Deputy Prime Minister Tatyana Golikova, who heads the administration’s social bloc, is reportedly also at risk. Sources told Meduza the reason for this is her “very long tenure in the power vertical”: Golikova has held high positions in Russia’s government since 1999, and she’s been deputy prime minister since 2018.

There might soon be other vacancies in the government as well. According to a recent report from Vedomosti, the Russian authorities are considering establishing a new ministry to oversee “youth policy and patriotic education,” while the country’s two existing education ministries might be merged back into a single entity, as they were prior to 2018.

Meduza’s sources deemed this one of the most likely scenarios for “reconfiguring” the government’s educational structures. Natalia Agre, who heads the Institute for the Study of Childhood, Family, and Education, and Deputy Education Minister Alexander Bugaev are among the potential candidates for the ministerial position. Bugaev is one of the key figures in Russia’s “assimilation system” for Ukrainian children deported from annexed territories.

eye-popping results

According to sources close to the Kremlin and the Russian government, both First Deputy Chief of Staff Sergey Kiriyenko and the Kovalchuk brothers (who are very close to Putin) are vying for unofficial “control” over the new ministry. However, the sources didn’t rule out the possibility of Kiriyenko assuming an entirely new role. He could potentially head the president’s administration, take up a government post (such as deputy prime minister for “new territories,” if such a position is created), or lead a state corporation. Kremlin insiders are confident that Kiriyenko stands a good chance of getting whatever he asks for, especially given Putin’s satisfaction with the election results, where he officially got more than 87 percent of the vote.
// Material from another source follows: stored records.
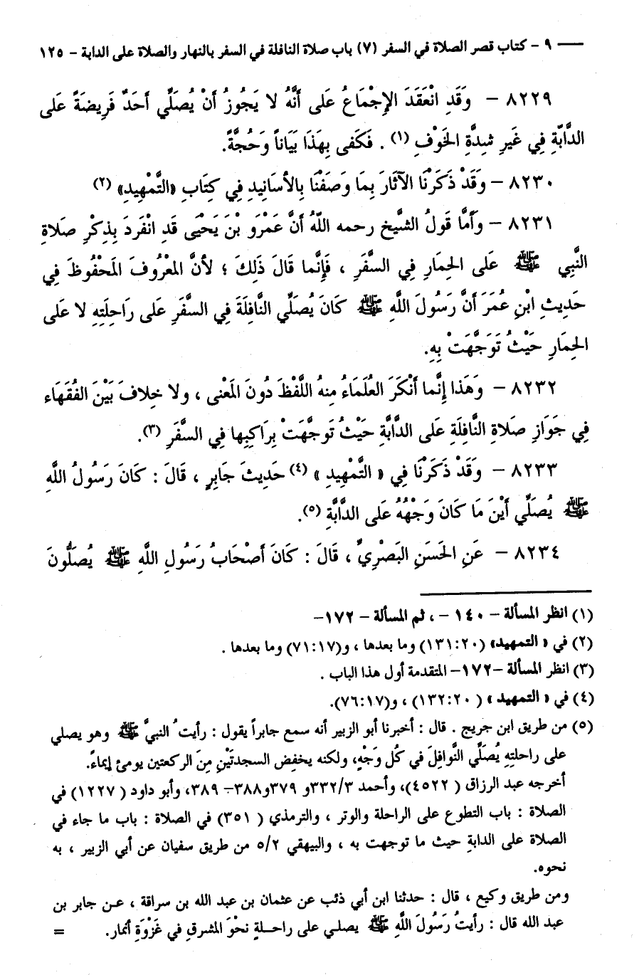 8233 - وَقَدْ ذَكَرْنَا فِي التَّمْهِيدِ حَدِيثَ جَابِرٍ، قَالَ:كَانَ رَسُولُ اللَّهِ - صَلَّى اللَّهُ عَلَيْهِ وَسَلَّمَ - يُصَلِّي أَيْنَ مَا كَانَ وَجْهُهُ عَلَى الدَّابَّةِ.
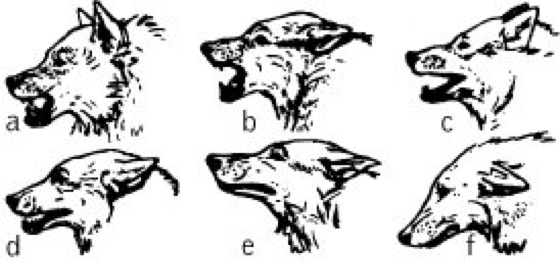 Ausdrucksverhalten: Ausdrucksstudien am Wolf: a Drohung, b Drohung mit Unsicherheit, c Drohung sehr schwach, d Drohung schwach – Unsicherheit sehr stark, e Ängstlichkeit – Schmerzschrei-Situation, f Feind gegenüber – Abwehr, Unsicherheit, Unterlegenheit
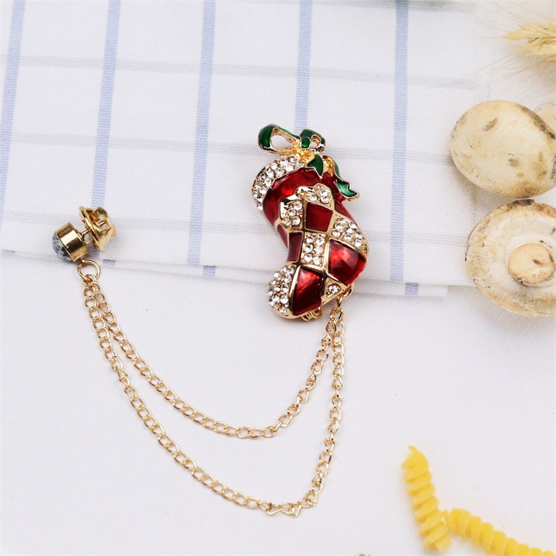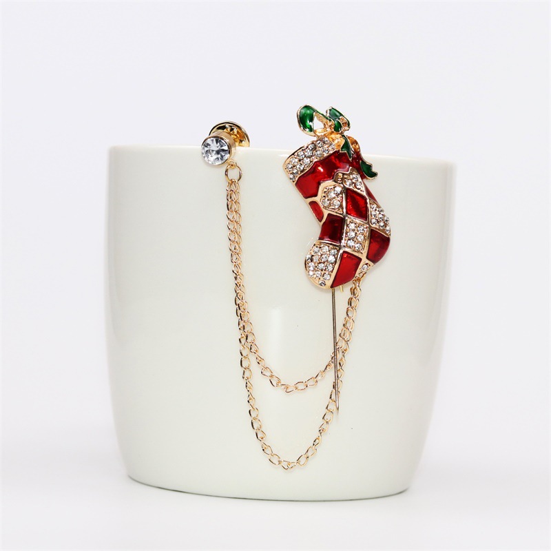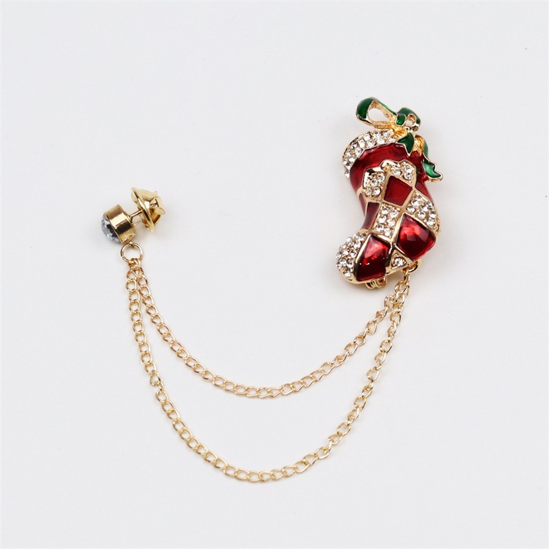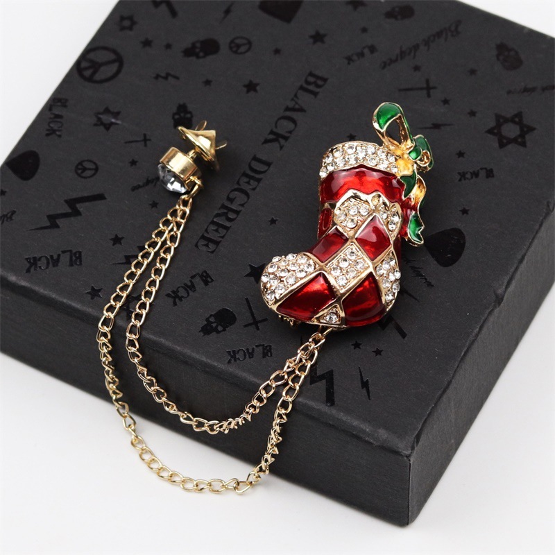 Christmas Jewelry Brooch , Zinc Alloy, with Crystal, Christmas Boot, gold color plated, Unisex & enamel & with rhinestone, lead & cadmium free
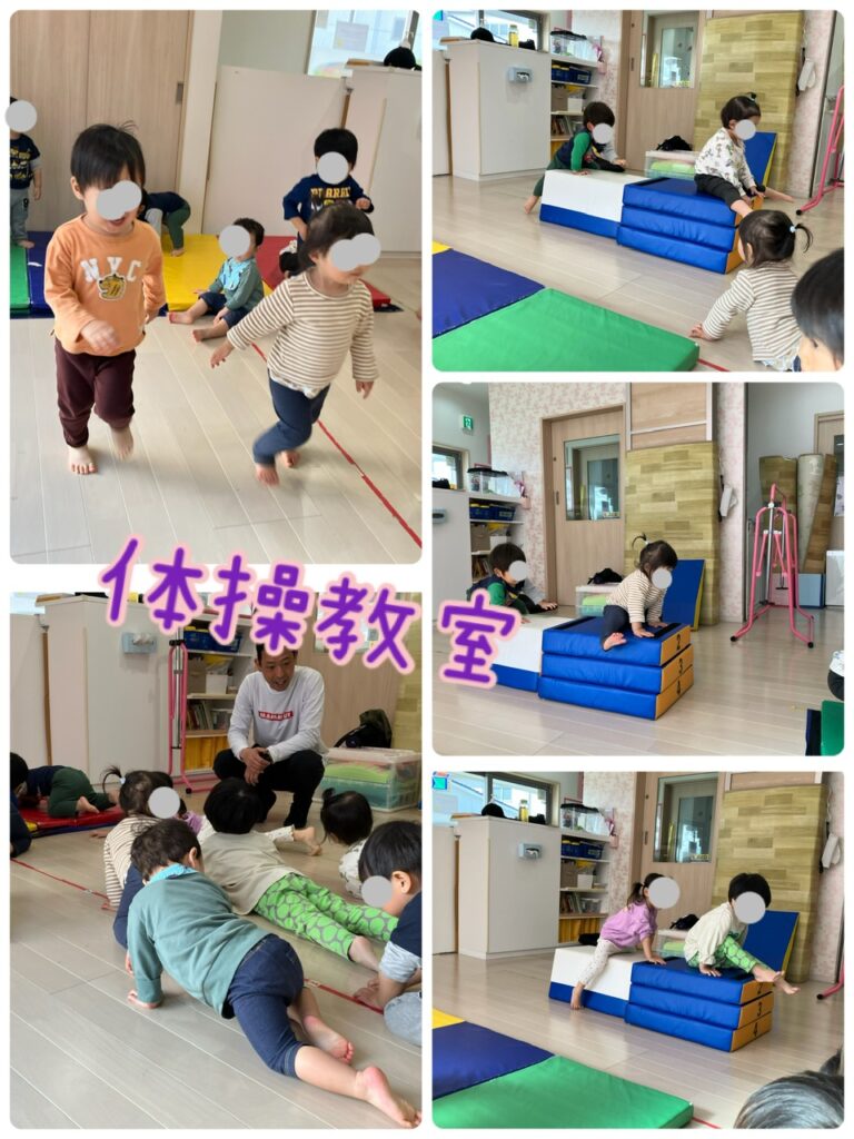 今日はお休みのお友だちが多かったので、いちご組さんとめろん組さん合同で体操教室に参加しました♪ 初めての取り組みでしたが、いちご組さんはめろん組さんの動きを見ていつもより上手に出来ている様に思えました❣️めろん組さんはいちご組さんにいい所を見せようと意欲的に取り組んでましたよ😆

Sources suggested that Deputy Prime Minister Yury Trutnev could step into Kiriyenko’s role if he were to vacate it. “He’s a suitable candidate,” one source remarked. “He has the experience and team.” Another source close to Putin’s administration pointed out that Trutnev organized a political bloc for regional politics in the Far East that operates almost independently from the Kremlin.

A government insider noted that there’s also a cohort of government officials and politicians “who are very eager to retire.” “They’re not looking to retire completely but rather to transition to quieter positions more suitable for their age or health.” He mentioned Federation Council Speaker Valentina Matviyenko, who’s currently 75, and Foreign Minister Sergey Lavrov, who’s 74, as two examples.

Still, there’s no certainty that they’ll be given new positions. As one source close to Putin’s administration put it: “We’re surrounded by constant rumors. Just when we thought things settled down regarding the premiership, there was a wave [of rumors] that [Moscow Mayor Sergey] Sobyanin would replace Mishustin, and so on. May can’t come soon enough.”